The Boston Celtics took a 3-0 Finals lead by beating the Dallas Mavericks 106-99 on Wednesday night. The story of how this game was won maps neatly onto the story of the Celtics' season, which is now all but fated to end with a title: The Celtics stuck to their system, even when it started to look like they shouldn't, and they were rewarded for it.

The Celtics built their 3-0 lead by adhering to the same relatively simple formula that turned them into a historically great regular-season team and made their journey to the Finals feel like a leisurely float trip. On defense, they switch every pick and roll and stay home on shooters, almost never sending help to the ball. On offense, they use screens to get their preferred defender isolated on the perimeter, and then blow by him in order to create a collapsing defense which can then be picked apart by kick-out passes and three-point shooting.

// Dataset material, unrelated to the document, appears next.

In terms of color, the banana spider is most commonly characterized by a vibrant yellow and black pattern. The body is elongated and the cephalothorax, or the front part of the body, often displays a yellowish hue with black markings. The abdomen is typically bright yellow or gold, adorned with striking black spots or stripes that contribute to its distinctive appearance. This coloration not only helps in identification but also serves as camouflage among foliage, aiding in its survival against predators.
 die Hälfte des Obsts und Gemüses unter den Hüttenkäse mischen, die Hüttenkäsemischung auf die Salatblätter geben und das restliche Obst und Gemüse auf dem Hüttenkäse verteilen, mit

The Celtics' scheme, designed and championed by head coach Joe Mazzulla, is just the latest iteration of the "Three is more than two" philosophy that took hold of the league as soon as Steph Curry won his first title and James Harden landed in Houston. The Celtics go into every game with a singular purpose: limit the other team's open three-point attempts while creating as many for themselves as possible. So far in the Finals, the Celtics are shooting 33 percent from three-point range on 127 attempts. The Mavericks are shooting 28 percent from deep on 78 attempts. Dallas has only been allowed to fire 14 corner threes all series, which is precisely the shot they used in previous rounds to carve up the Clippers, Thunder, and Timberwolves. Luka Doncic and Kyrie Irving have been challenged to score in one-on-one situations, and even when they do so successfully, they have been playing into the Celtics' hands. Payton Pritchard said as much to the The Athletic after last night's game:

“That’s the plan,” Pritchard told The Athletic. “Just make it tough 2s. They’re going to hit shots, obviously. But if they hit 2s over and over again and we rely on our offense, it’ll carry us the other way quickly.”

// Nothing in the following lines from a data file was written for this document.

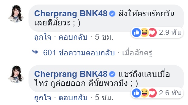 ก่อนที่ต่อมาจะปล่อยคืนเฟซบุ๊กให้สาว เฌอปราง BNK48 กลับมาเล่นเอง
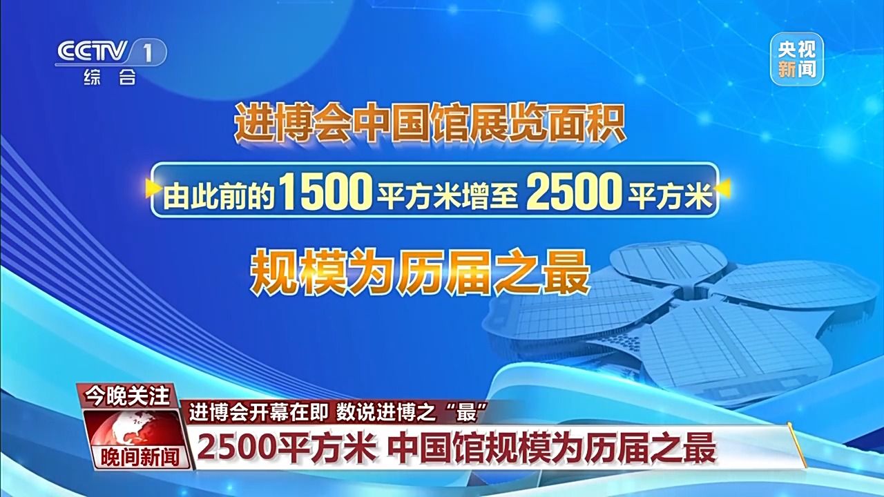 本届进博会企业展的展览面积达到36.7万平方米,而进博会的中国馆也升级扩容,展览面积由此前的1500平方米增至2500平方米,规模为历届之最。
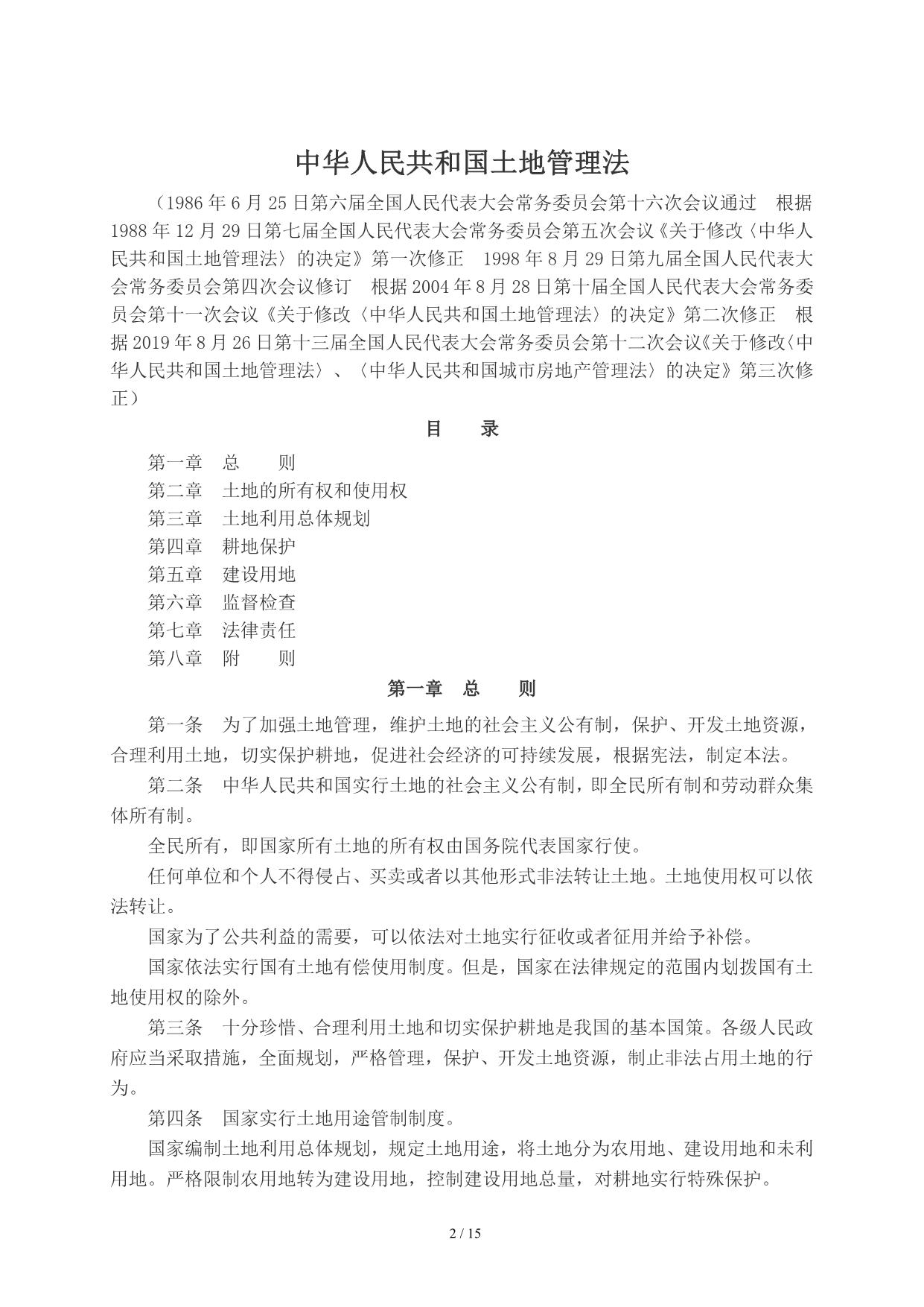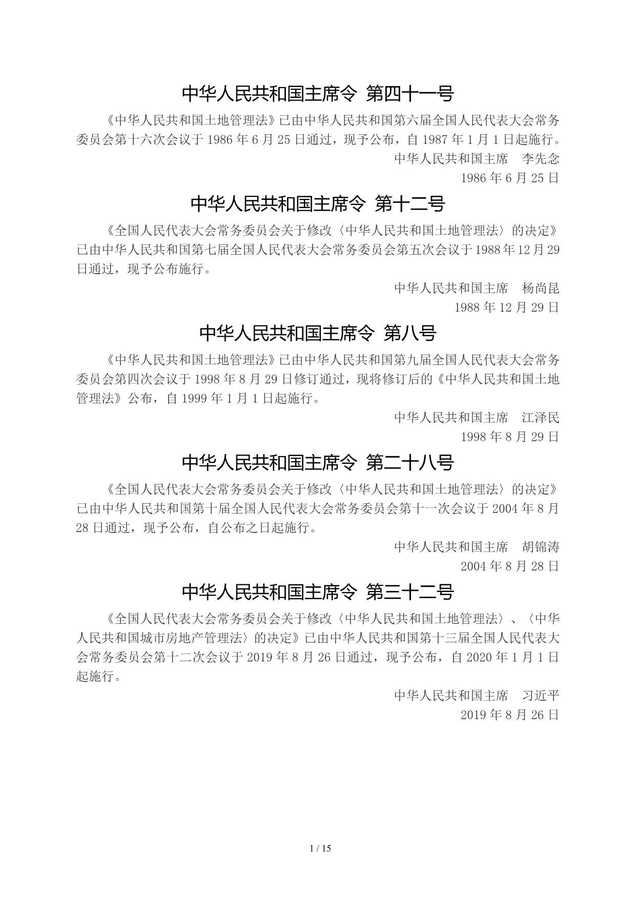 《中华人民共和国土地管理法》(国家主席令〔1986〕第41号,〔2019〕第32号第三次修正)

It's tempting to dismiss all of this as bloodless spreadsheet basketball, but to do so would be to overlook what actually makes the Celtics' scheme effective: the players who run it. It's one thing to say that you are going to guard Doncic and Irving one-on-one, but it's another thing entirely to actually do it with any amount of success. Both of those players specialize in finding a weak point in the opposing defense and pressing on it until something breaks, but the Celtics' individual defenders present no vulnerability. It's one thing to say that you are going to spend a season shooting 42 three-pointers per game, but somebody actually has to make some of those shots. You need Derrick White, who shot 31 percent from deep during his last season in San Antonio, to become the kind of confident shooter who takes six threes a game and cans 39 percent of them. You need Jrue Holiday to have the best three-point shooting season of his career, and for Al Horford put up a hit rate that beats his age by a decent margin.

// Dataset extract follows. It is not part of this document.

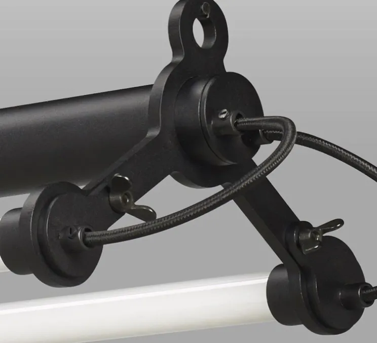 Mr Tubes se compose de deux tubes de 96,6cm de long. La suspension a une hauteur de 15,8 et une profondeur de 24,6. Elle est suspendue à un câble de 3m de long, ajustable en fonction de vos besoins.
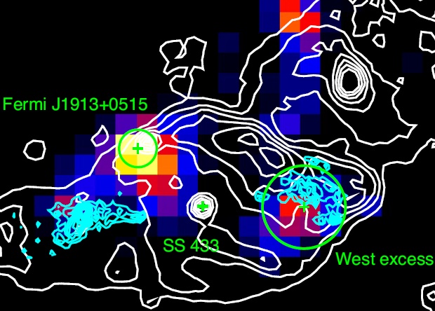Астрофизики обнаружили практически полное совпадение периодов прецессии джетов в двойной системе SS 433 и гамма-излучения соседнего газового облака. Ученые использовали данные наблюдений космического гамма-телескопа «Ферми» за 10 лет и создали карту излучения окрестностей микроквазара. Оказалось, что один из главных источников гамма-лучей с энергией в диапазоне 0,1–300 гигаэлектронвольт в этой области находится на расстоянии 400 световых лет от SS 433 и синхронизирован с периодическими колебаниями направления джетов двойной системы. Полученные результаты подвергают сомнению существующие теории происхождения гамма-излучения в микроквазарах, а в будущем могут позволить расширить представление ученых о формировании и распространении космических лучей. Статья опубликована в журнале Nature Astronomy.

There is something to admire in the Celtics' commitment to the cause, too. I don't know if there has ever been a 64-win team that has been questioned as much as this one. Some of that is down to the number of times they've failed to get over the hump in the Tatum-Brown era, and some of it is down to the fact that the Celtics' system can, in crucial moments, look self-defeating. We saw this in Game 3: After building a 21-point fourth-quarter lead, the Celtics fell into one of their patented spells of stagnation. The defensive intensity sagged, drive-and-kicks were replaced by meandering possessions that ended in contested jumpers, and suddenly the Mavericks were down only one with just over three minutes to play. But the Celtics just kept playing the same way they have all season, trusting that the score would eventually shake out in their favor. It did, and now they are one win away from a championship.

When the Celtics get that win, it will not only dispel the angst that has swirled around this team for years. It will reveal this year's edition as the thing it has always been: a focused and confident team that burned a path of destruction from the season's first game all the way to its last.